Middletown heading for fiscal cliff, state auditor warns

Wow.  Cox Media through the Dayton Daily News and the Journal News just love to pick on Middletown.   The story above was in the Journal and on their web page today:


Below is the email we received from the Journal, the questions asked, and my answers in bold italic print.  It’s nothing short of astonishing that none of it ended up in the article today.   Don’t you dare believe everything you read in the paper….

From: Rutledge, Mike (CMG-Dayton) [mailto:Mike.Rutledge@coxinc.com]

Sent: Wednesday, January 25, 2017 3:04 PM To: Adkins, Doug <douga@cityofmiddletown.org>; Mulligan Jr, Larry <larrym@cityofmiddletown.org>; Bronston, Dora <dorab@cityofmiddletown.org>; Picard, Dan <danp@cityofmiddletown.org>; Moon, Talbott <talm@cityofmiddletown.org>; Bohannon, Steve <stevebo@cityofmiddletown.org>

Subject: Seeking reaction to Ohio Auditor David Yost that Middletown is showing signs of fiscal stress

Doug and members of City Council:

I’m seeking your reaction to this report from Ohio Auditor Dave Yost, who says Middletown is showing signs of elevated fiscal stress, indicating the possibility of financial trouble, especially if there is a recession, as the governor has predicted.

The following report, written by a Dayton Daily News reporter, already is posted online.

I’m wondering what you think of Dave Yost’s report.

The Auditor built this report based on data from 2015 and only from data without a working understanding of the goals, projects and flexibility each city has in its longer range plans.  The data represents a 2 year old data snapshot, not a working knowledge of ongoing operations.

I’m also wondering whether Yost’s office gave you a heads-up about this announcement and forwarded you the report.

Do you agree with his assessment? How concerned should city residents be about this situation? Anything else you’d like to say about this?

The report lacks the ability to place context in the data presented.  The City of Middletown has been completing extensive capital projects and has undertaken a number of deferred maintenance projects during the past two years that weren’t completed during the recession.  Our drawdown on reserves is by design and with a flexibility and understanding of which projects and staffing can and cannot be quickly changed in the event of a downturn in the economy.  We monitor revenues and expenses on an ongoing basis (and online on our web page for transparency), so any downturn would be seen in no more than 30 days.  We are simply not seeing a downturn in Middletown.  Quite the opposite.
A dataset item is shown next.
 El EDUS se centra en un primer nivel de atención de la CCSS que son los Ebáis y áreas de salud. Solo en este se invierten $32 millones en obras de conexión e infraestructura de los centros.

In 2016, income tax revenues were up in Middletown by over $700,000.   To put that in context, at a 1.75% income tax rate, that $700,000 in new tax revenue represents $40,000,000 in new payroll dollars over 2015.  We are adding new housing stock, new businesses and have several hundred manufacturing and health care positions that are open and available at this time.  We are hardly in a downturn.  There is currently over $750 million in new construction underway in Middletown.   The 2017 budget has over $12 million in new capital infrastructure projects.  
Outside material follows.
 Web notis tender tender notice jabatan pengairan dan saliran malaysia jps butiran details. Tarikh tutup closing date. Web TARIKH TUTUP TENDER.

Several of the Auditor’s cautionary outlooks are monetary policy that was executed by the city after careful consideration and by design.  We are investing in infrastructure needed by our manufacturers to expand their businesses.  We have been involved with the land bank on a grant demolition program that reimburses after demolition.  We are, therefore, using general fund dollars for demolition but have not received the reimbursement.   We’ve opened 32 new downtown businesses in the past two  years and three new anchors at our mall.  AK Steel is just completing a new $36 million Research and Innovation Center on our east end.

This was all accomplished despite the discontinuation of the inheritance tax which cost the city of Middletown about $800,000 per year in lost revenue, and with a steep reduction in the local government fund, leaving the city with an additional $900,000 less operating revenue annually than we had in 2010.

2015 is old news and this report is out of context with the current reality.  We all know that at some point we will see another recession.  We have the ability to curtail spending at any time as the economy and our revenues dictate.   We are not in financial distress and if the Auditor truly stated that we are on the highway to deep trouble, then I sure hope we stay on this current road as long as possible.   I’m not sure how we could be improving in all sectors much faster than we are right now.

Is Middletown doing anything in light of this report to stabilize its finances?  See above.

FYI, I have requested a copy of the report but do not yet have it.

Seeking your response ASAP, as the article already is posted online.

Thanks very much.

All the best,


2 thoughts on “Middletown heading for fiscal cliff, state auditor warns

    • It’s unfortunate to me that some in the media just want to take digs at Middletown. That story could have been a balanced story talking about the difficulties cities like Middletown face coming out of the recession and the work still to be done to shore up infrastructure and deal with issues like health care costs. It could have stated the concerns and also the successes since 2015 and the steps being taken to address the challenges since that data was produced in 2015. We are not all roses here, but to say we’re getting weaker is just silly.